▶ **TASK BRIEF**
Copy, exactly and without additions, every line in the records below from the one holding "本次培训邀请沈阳大学校长赵彦" through the one holding "เต้ารับกันน้ำ CEE 3", both ends included.

▶ **DATA SECTION**
==================================================

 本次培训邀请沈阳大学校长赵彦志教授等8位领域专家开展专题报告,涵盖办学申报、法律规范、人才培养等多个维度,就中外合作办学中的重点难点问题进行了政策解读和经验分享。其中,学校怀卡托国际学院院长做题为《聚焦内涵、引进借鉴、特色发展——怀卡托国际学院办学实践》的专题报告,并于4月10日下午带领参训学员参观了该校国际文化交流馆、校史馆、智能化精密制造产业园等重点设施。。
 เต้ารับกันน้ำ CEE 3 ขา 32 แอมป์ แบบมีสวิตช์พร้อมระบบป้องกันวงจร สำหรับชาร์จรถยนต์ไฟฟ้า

==================================================

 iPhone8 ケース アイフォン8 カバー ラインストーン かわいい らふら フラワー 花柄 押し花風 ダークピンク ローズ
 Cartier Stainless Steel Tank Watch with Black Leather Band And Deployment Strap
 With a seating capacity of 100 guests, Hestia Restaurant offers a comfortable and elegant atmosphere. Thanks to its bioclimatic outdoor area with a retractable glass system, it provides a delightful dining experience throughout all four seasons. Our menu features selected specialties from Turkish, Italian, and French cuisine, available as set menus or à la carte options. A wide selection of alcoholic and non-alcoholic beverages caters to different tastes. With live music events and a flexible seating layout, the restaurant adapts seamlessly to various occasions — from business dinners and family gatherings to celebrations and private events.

==================================================

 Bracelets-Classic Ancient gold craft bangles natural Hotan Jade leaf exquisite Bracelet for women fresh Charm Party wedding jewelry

==================================================

▶ **SOLUTION**
 本次培训邀请沈阳大学校长赵彦志教授等8位领域专家开展专题报告,涵盖办学申报、法律规范、人才培养等多个维度,就中外合作办学中的重点难点问题进行了政策解读和经验分享。其中,学校怀卡托国际学院院长做题为《聚焦内涵、引进借鉴、特色发展——怀卡托国际学院办学实践》的专题报告,并于4月10日下午带领参训学员参观了该校国际文化交流馆、校史馆、智能化精密制造产业园等重点设施。。
 เต้ารับกันน้ำ CEE 3 ขา 32 แอมป์ แบบมีสวิตช์พร้อมระบบป้องกันวงจร สำหรับชาร์จรถยนต์ไฟฟ้า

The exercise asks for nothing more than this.